Mass Murder Is the Problem
by Anthony Gregory
The emerging profile of Anders Behring Breivik is not what was first expected. On Friday, President Obama and the mainstream media immediately jumped on the murder of 92 people in Norway to affirm the war on terror’s importance. Putting aside the establishment’s tendency to cite both failures and presumed successes, both acts of mass violence that came to fruition and ones that were preempted, as vindication of the war on terror, we should note that the administration was politicizing an atrocity in the only way that it is ever considered appropriate: The state can respectably pat its soldiers and enforcers on the back for their waging wars and bashing heads; all other political points made in the light of mass death are considered gauche.
Yet as it turns out, the alleged murderer is not the Islamist that so many assumed. He was, instead, an anti-Islamist of the very sort that has become commonplace in the last decade. He is a Christian nationalist worried that Muslims will overtake the West. He enjoyed the same neoconservative blogs read by millions of Americans. Despite this, his act continues to be spun as a reason to worry about al Qaeda’s supposed influence in inspiring acts of mass violence, rather than as a warning about the threat of anti-Islamism.

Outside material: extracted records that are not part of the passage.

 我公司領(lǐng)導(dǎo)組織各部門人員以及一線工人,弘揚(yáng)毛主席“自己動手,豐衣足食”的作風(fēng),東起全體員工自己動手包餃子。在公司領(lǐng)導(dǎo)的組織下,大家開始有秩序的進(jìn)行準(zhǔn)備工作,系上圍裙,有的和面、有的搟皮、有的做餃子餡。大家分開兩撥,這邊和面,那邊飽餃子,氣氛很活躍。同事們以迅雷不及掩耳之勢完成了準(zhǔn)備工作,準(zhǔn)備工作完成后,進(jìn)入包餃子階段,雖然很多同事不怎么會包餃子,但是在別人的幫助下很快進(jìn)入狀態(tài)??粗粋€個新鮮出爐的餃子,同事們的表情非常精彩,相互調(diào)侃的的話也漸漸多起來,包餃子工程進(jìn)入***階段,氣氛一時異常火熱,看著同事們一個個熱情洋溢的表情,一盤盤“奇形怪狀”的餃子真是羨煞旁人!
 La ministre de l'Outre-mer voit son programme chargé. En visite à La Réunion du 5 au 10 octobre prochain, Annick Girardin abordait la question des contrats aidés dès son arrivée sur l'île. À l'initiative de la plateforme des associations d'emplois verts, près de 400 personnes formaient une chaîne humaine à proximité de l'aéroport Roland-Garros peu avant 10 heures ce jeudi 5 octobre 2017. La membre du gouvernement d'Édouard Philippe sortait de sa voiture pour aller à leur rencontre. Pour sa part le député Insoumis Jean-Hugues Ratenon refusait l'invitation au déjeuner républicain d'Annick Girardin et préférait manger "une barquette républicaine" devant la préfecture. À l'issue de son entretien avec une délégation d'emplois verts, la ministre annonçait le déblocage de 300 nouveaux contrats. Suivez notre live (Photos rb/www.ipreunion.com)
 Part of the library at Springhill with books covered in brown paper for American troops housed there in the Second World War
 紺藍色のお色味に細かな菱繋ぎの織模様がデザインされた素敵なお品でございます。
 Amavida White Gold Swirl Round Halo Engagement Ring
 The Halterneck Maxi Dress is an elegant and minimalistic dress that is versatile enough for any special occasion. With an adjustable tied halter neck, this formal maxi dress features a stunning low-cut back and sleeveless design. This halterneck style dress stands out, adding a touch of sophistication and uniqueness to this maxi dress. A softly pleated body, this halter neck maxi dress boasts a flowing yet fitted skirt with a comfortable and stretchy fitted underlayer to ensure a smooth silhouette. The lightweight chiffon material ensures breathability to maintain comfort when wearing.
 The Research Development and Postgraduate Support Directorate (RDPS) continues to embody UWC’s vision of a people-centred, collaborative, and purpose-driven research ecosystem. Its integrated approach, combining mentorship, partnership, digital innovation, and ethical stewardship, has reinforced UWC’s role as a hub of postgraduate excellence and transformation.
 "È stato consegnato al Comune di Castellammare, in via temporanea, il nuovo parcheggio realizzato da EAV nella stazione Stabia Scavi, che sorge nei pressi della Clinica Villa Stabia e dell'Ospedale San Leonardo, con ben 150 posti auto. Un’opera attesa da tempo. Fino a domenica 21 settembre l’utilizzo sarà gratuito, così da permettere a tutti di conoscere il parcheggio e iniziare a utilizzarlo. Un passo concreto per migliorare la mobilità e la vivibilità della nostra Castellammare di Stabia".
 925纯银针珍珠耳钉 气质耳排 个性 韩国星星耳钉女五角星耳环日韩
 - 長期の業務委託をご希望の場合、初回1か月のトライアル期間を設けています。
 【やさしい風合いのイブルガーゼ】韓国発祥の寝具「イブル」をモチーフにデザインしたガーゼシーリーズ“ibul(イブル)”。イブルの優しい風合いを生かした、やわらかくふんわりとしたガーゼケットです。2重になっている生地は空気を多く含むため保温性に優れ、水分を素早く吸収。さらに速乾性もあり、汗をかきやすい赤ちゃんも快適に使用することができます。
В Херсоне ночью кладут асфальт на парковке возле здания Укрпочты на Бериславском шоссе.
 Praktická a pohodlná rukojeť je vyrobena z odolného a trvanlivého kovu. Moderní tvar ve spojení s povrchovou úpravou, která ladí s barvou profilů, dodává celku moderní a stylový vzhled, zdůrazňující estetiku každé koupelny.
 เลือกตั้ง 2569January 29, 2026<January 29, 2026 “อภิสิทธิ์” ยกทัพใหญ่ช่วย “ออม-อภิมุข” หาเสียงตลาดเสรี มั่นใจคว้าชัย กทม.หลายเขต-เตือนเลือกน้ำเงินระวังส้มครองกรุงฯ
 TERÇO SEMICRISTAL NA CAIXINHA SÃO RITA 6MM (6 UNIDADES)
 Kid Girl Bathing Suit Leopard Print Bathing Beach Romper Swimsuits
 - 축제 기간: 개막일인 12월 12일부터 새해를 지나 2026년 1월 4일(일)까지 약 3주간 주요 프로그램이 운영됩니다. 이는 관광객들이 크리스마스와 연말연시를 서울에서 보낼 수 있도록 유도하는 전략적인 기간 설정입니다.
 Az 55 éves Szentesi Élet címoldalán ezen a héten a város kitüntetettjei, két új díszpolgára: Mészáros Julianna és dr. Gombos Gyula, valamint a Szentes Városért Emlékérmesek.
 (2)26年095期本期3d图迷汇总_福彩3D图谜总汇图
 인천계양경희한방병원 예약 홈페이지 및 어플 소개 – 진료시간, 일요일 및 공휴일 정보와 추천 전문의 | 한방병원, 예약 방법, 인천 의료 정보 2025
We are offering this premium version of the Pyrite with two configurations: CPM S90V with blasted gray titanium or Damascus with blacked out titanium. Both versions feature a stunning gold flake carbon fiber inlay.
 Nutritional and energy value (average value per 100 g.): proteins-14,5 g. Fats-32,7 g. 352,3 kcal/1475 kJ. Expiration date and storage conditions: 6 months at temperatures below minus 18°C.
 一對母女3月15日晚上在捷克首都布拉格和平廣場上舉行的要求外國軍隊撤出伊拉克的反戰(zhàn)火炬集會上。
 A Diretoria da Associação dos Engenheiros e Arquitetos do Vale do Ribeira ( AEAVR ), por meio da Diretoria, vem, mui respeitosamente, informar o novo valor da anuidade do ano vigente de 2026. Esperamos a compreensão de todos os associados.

And that threat is real. Many Americans think that Muslims should be outright prohibited from building mosques in the United States. At least one Republican presidential candidate has articulated this position unambiguously. Conservatives ludicrously warn that Muslims will impose Sharia law through the U.S. court system, abolishing American liberty. Anyone who reads conservative message boards can sense the possibility that we are one dirty bomb away from seeing our Muslim neighbors rounded up and sent to camps. The hundreds seized without due process and detained for months after 9/11 are forgotten, but their story reminds us of how fragile liberty and tolerance can be.